II. TINJAUAN PUSTAKA
2.1. Karakteristik Hujan Curah hujan adalah volume air yang jatuh pada suatu areal tertentu (Arsyad, 2010). Menurut Tjasyono (2004), curah hujan yaitu jumlah air hujan yang turun pada suatu daerah dalam waktu tertentu. Curah hujan adalah butiran air dalam bentuk cair atau padat di atmosfer yang jatuh ke permukaan bumi. Curah hujan merupakan unsur iklim yang sangat penting bagi kehidupan di bumi. Jumlah curah hujan dicatat dalam inci atau milimeter (1 inchi = 25,4 mm). Jumlah curah hujan 1 mm menunjukkan tinggi air hujan yang menutupi permukaan 1 mm, jika air tersebut tidak meresap ke dalam tanah atau menguap ke atmosfer.
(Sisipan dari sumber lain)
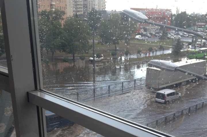 Хоч дощ тривав і не довго, але встиг перетворити деякі вулиці на ріки, паралізувати рух транспорту і розігнати людей. Як пишуть користувачі у пабліку ВКонтакте Харьков City, у підземному переході на виході зі станції метро "Спортивна" збирається все більше і більше людей.
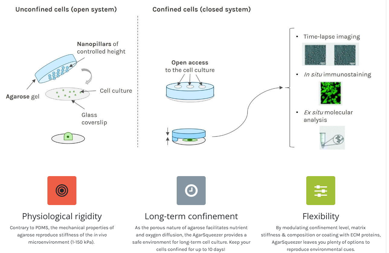 AgarSqueezer is a microscope slide chamber equipped with a molded agar-based compression system. Use it to apply an instant & homogeneous compression on your cells, and study their response to short and long-term confinement.

Definisi curah hujan menurut Badan Meteorologi Klimatologi dan Geofisika adalah ketinggian air hujan yang terkumpul dalam suatu tempat yang datar, tidak menguap, tidak meresap, dan tidak mengalir. Badan Meteorologi Klimatologi dan Geofisika menyatakan bahwa yang dimaksud dengan sifat hujan adalah ukuran kualitatif hujan yaitu : 1. Atas Normal (AN), jika nilai perbandingan curah hujan terhadap rata – ratanya lebih besar dari 115%. Pada periode musim hujan, daerah AN memiliki potensi terjadi bencana alam (banjir dan longsor). 2. Normal (N), jika nilai perbandingan curah hujan terhadap rata – ratanya antara 85% – 115%. 3. Bawah Normal (BN), jika nilai perbandingan curah hujan terhadap rata – ratanya kurang dari 85%. Pada periode musim kemarau daerah BN memiliki potensi terjadi kekeringan. Sedangkan kriteria hujan ukuran kuantitatif yang dikeluarkan BMKG, yaitu: 1. Sangat ringan
: < 1 mm/jam atau 0 – 5 mm/hari
2. Ringan
: 1 – 5 mm/ jam atau 5 – 20 mm/hari
3. Sedang
: 5 – 10 mm/jam atau 20 – 50 mm/hari
4. Lebat
: 10 – 20 mm/jam atau 50 – 100 mm/hari
5. Sangat Lebat
: 20 mm/jam atau > 100 mm/hari
Secara garis besar di wilayah Indonesia terdapat tiga pola curah hujan, yaitu (Tjasyono, 2004):
1. Pola A atau Pola Monsun, dipengaruhi oleh angin monsun dengan karakteristik distribusi bulanannya membentuk huruf (V). Pola monsun digerakkan oleh adanya sel tekanan tinggi dan sel tekanan rendah di benua Asia dan Australia secara bergantian. Pada bulan Desember, Januari, dan Februari di belahan bumi utara terjadi musim dingin akibat adanya sel tekanan tinggi di benua Asia, sedangkan pada waktu yang sama terjadi musim panas akibat adanya sel tekanan rendah di benua Australia. Perbedaan tekanan udara ini yang menyebabkan curah hujan minimum terjadi pada bulan Juni, Juli atau Agustus, sedangkan curah hujan maksimum terjadi pada bulan Desember, Januari, dan Februari. Pola ini terdapat di sebelah Utara dan Selatan garis ekuator. Daerahnya meliputi Jawa, Nusa Tenggara, Kalimantan Selatan, Maluku Tenggara, Aceh serta Irian Jaya bagian Utara dan Selatan. 2. Pola B atau Pola Ekuatorial, distribusi curah hujan dengan dua maksimum yaitu sekitar bulan April dan Oktober, tidak selalu jelas perbedaannya pada distribusi curah hujan bulanannya. Pola ini terdapat di daerah ekuatorial yang meliputi daerah bagian tengah Sumatera, Kalimantan, Sulawesi, dan Irian Jaya. 3. Pola C atau Pola Lokal, dimana distribusi curah hujan bulanannya berlawanan dengan pola A. Pola ini banyak dipengaruhi oleh kondisi lokal (efek orografi). Dijumpai di daerah Sulawesi Selatan bagian Timur, Sulawesi Tengah bagian Timur, dan sekitar Ambon – Seram. Karakteristik curah hujan daerah yang dapat diamati dan dianalisis adalah dengan menghitung nilai
frekuensi, intensitas, dan kategori curah hujan.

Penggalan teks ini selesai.